The election last year of self-professed moderate President Hassan Rouhani has not brought Iran's Christians any relief, according to a new United Nations report which finds the Islamic Republic's Bible believers more persecuted than ever.
The detailed report finds Iran has continued to imprison Christians for their faith and designated house churches and evangelical Christians as "threats to national security.” At least 49 Christians were among 307 religious minorities being held in Iranian jails as of January 2014, noted the UN, which also blasted the regime for its hostility to Jews, Baha’is, Zoroastrians and Dervish Muslims, the UN report stated.
“These are indicators that President Rouhani has no influence over hard-liners, who remain fully in charge of the judiciary and security apparatus, government entities that are responsible for the most severe abuses against religious minorities," Dwight Bashir, deputy director for policy at the U.S. Commission on International Religious Freedom, told FoxNews.com.
Among the Christians held in Iranian prisons is American citizen and Christian pastor Saeed Abedini, who is serving an eight-year prison term for alleged crimes related to his faith. President Obama has called for Abedini's release, even as his administration has negotiated a disarmament deal with Iran.
"This report is as an important reminder about the true nature of the Iranian regime," Sen. Mark Kirk, (R-III), told FoxNews.com. "We can't pretend we are negotiating with Western moderates – we are negotiating with Islamic radicals who persecute Christians, Baha'is, other religious and ethnic minorities and women, while denying all of its citizens basic human rights -- including the freedom of speech and assembly."
In 2013, Iranian authorities arrested “at least 42 Christians, of whom 35 were convicted for participation in informal "house churches," in association with churches outside the Islamic Republic of Iran, perceived or real evangelical activity and other standard Christian activities.”
Iran’s opaque justice system imposed prison sentences on Christians ranging from one to ten years.
“Under the law, religious minorities, including recognized Jews, Christians and Zoroastrians, also face discrimination in the judicial system, such as harsher punishments,” said Shaheed, who is an internationally recognized expert on human rights.
While the persecution detailed in the report includes wrongful imprisonment and even death sentences, it also takes more subtle forms. Ahmed Shaheed, UN special rapporteur on the situation of human rights in Iran, said Iranian Christians have reported having viruses planted on their computers after visiting Christian websites.
Iran’s regime issued a flurry of angry responses to Shaheed’s report.
"The enemies’ ploy is a vicious circle, which changes according to the political situation,” Mohammed Javad Larajani, head of Iran’s High Council for Human Rights, told the state-controlled Tehran Times. Larajani has in the past been an advocate of the stoning of women as punishment and called for Israel's destruction near the Holocaust memorial in Berlin in 2008.

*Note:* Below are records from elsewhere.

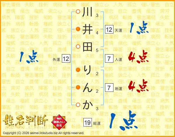 生活面を象徴する運勢です。外部から受ける影響力を表し、結婚運、家庭運や職場、環境への順応性を表します。総運から人運を引いた画数。姓や名が1文字の場合を除く。
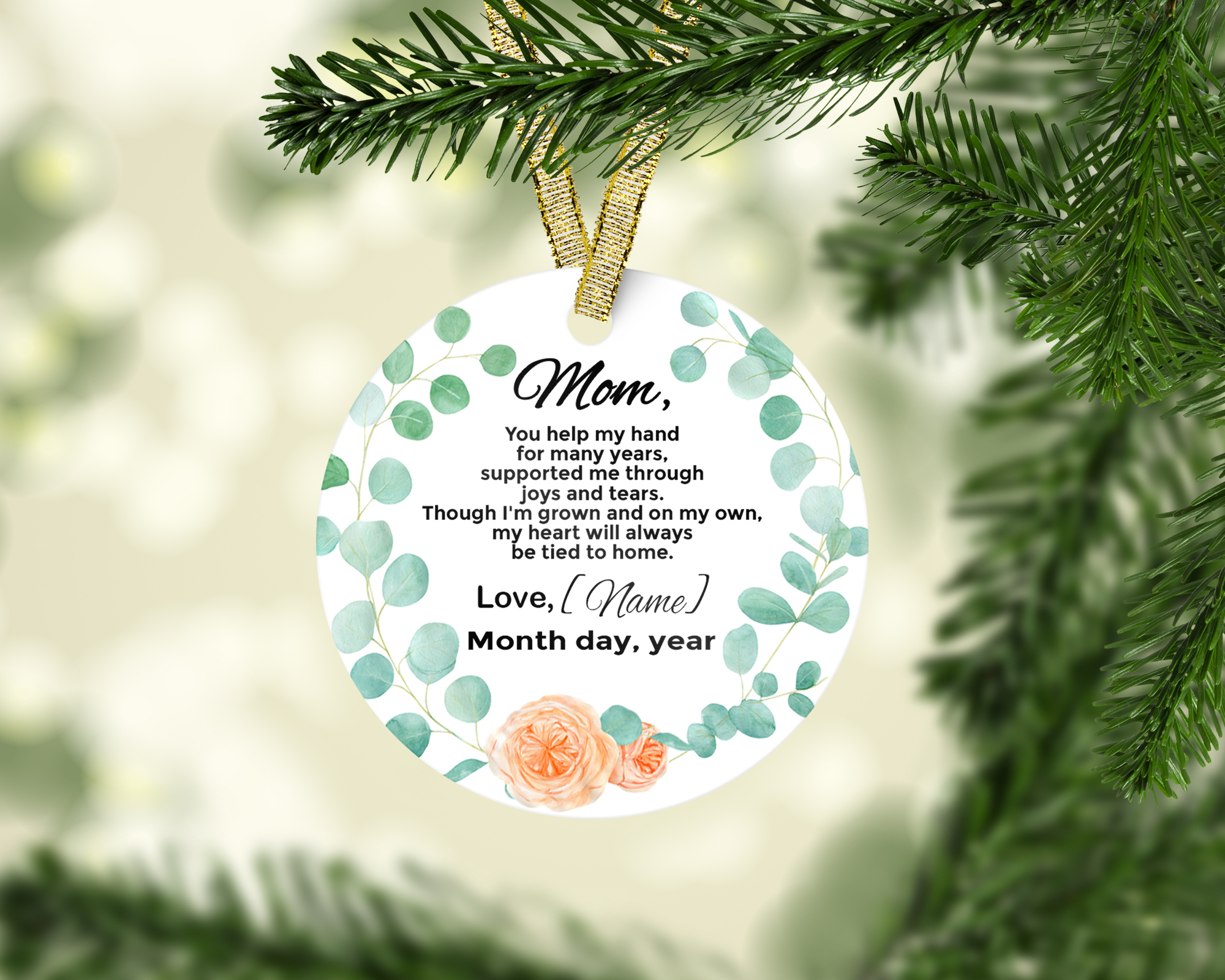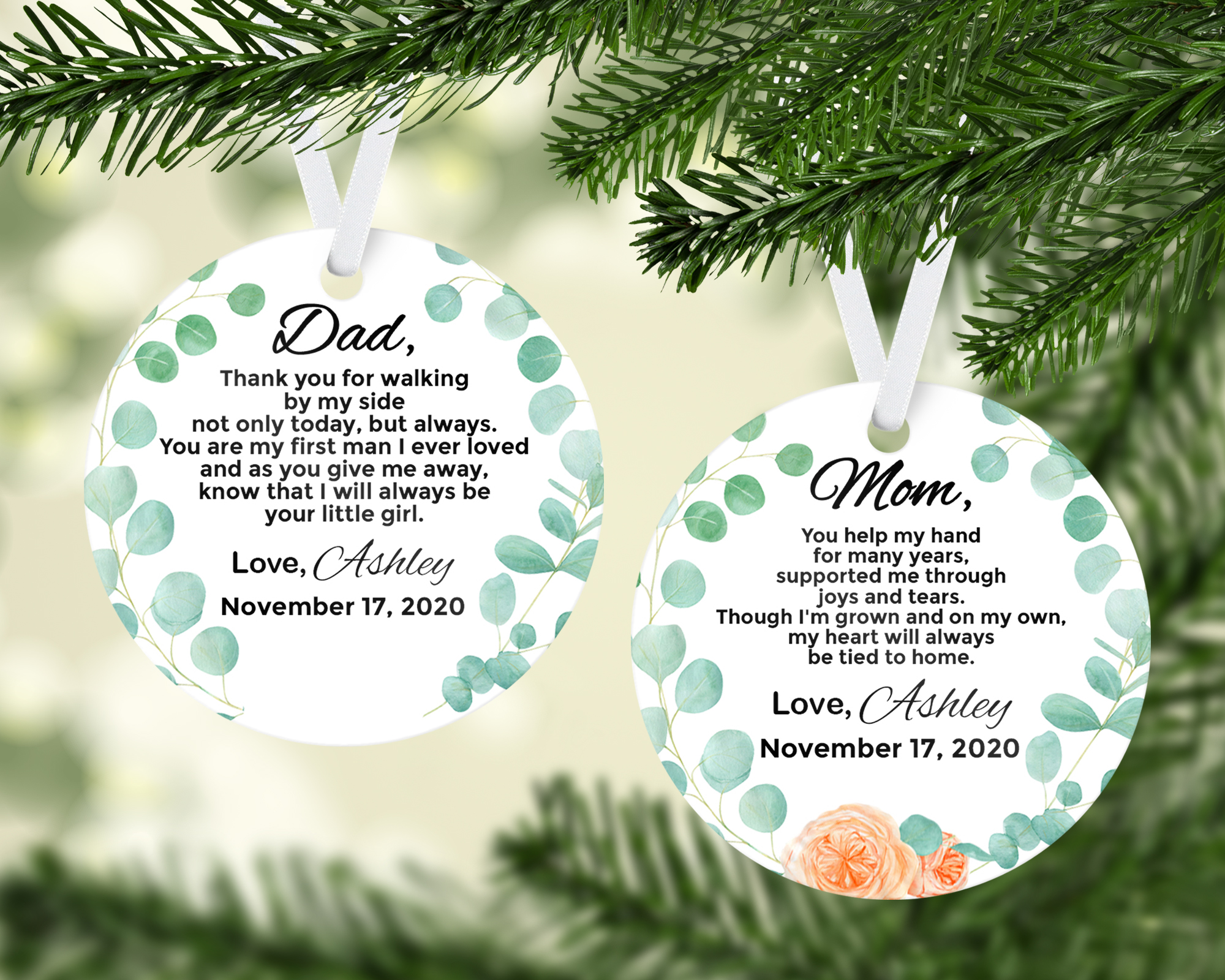 Let’s Shop Personalized Christmas Ornament for Mother from The Bride- Holiday Flat Circle Porcelain Ceramic Ornament!
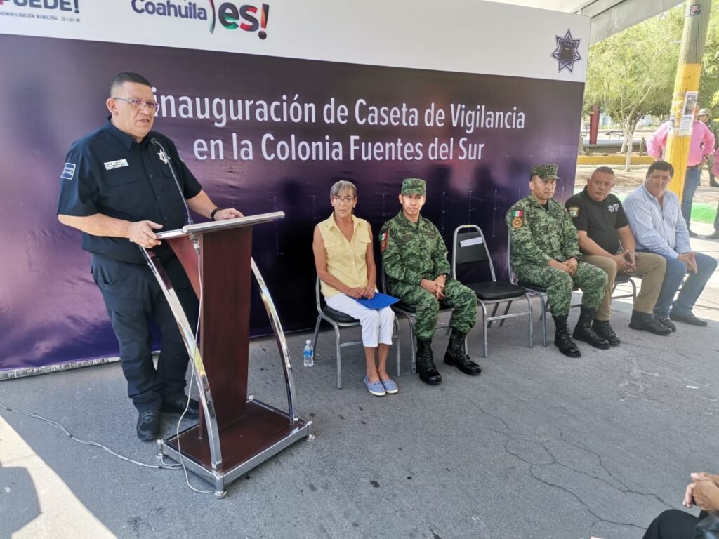 Torreón, Coahuila.- La novena caseta de vigilancia puesta en operación en la actual administración está ubicada en la colonia La Fuente y beneficiará aproximadamente a 30 mil habitantes del sector, según informó el Comisario César Antonio Perales Esparza, titular de la Dirección de Seguridad Pública Municipal (DSPM).
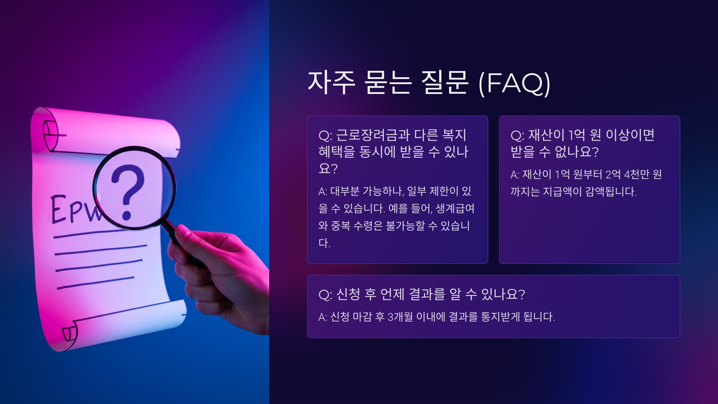 신청 후 국세청의 심사 과정을 거쳐야 하므로, 소득과 재산을 미리 확인하고 신청하는 것이 좋아요. 다음 섹션에서는 자주 묻는 질문(FAQ)을 정리해 볼게요.

Saba Farzan, a German-Iranian journalist and director of political studies at the Institute for Middle Eastern Democracy, told FoxNews.com: “The situation of Christians and other religious minorities in Iran is very dire because the Iranian regime is a Sharia state.”
“This dictatorship oppresses viciously all these precious groups with the abhorrent justification of Islamic law [Sharia] and by that it violates Iran's constitution and a long-lasting tradition within Persian culture of peaceful tolerance and respect toward fellow Iranians with diverse religious backgrounds,” Farzan said.
Such treatment of Christians belies Rouhani's stated policies, noted Morad Mokhtari, an Iranian who converted to Christianity in 1988 in Tehran and works as a human rights researcher at the New Haven-based Iran Human Rights Documentation Center. Mokhtari told FoxNews.com that in Rouhani's December Draft Citizen’s Rights Charter, the document states “Holding and attending religious rituals of the religions identified in the constitution [Christianity, Jewish, Zoroastrian] is permitted.”
Mokhtari described the charter as the “good side” of Rouhani’s attitude toward some minorities but, practically speaking, the impact has been non-existent.
“For the Christians who are identified as religious minorities in the constitution, there is still no equal rights to hold and attend to their religious services even in official churches," Mokhtari said. "Since Rouhani got power, at least two official Protestant churches in Tehran have been banned to hold any religious services in Persian language.”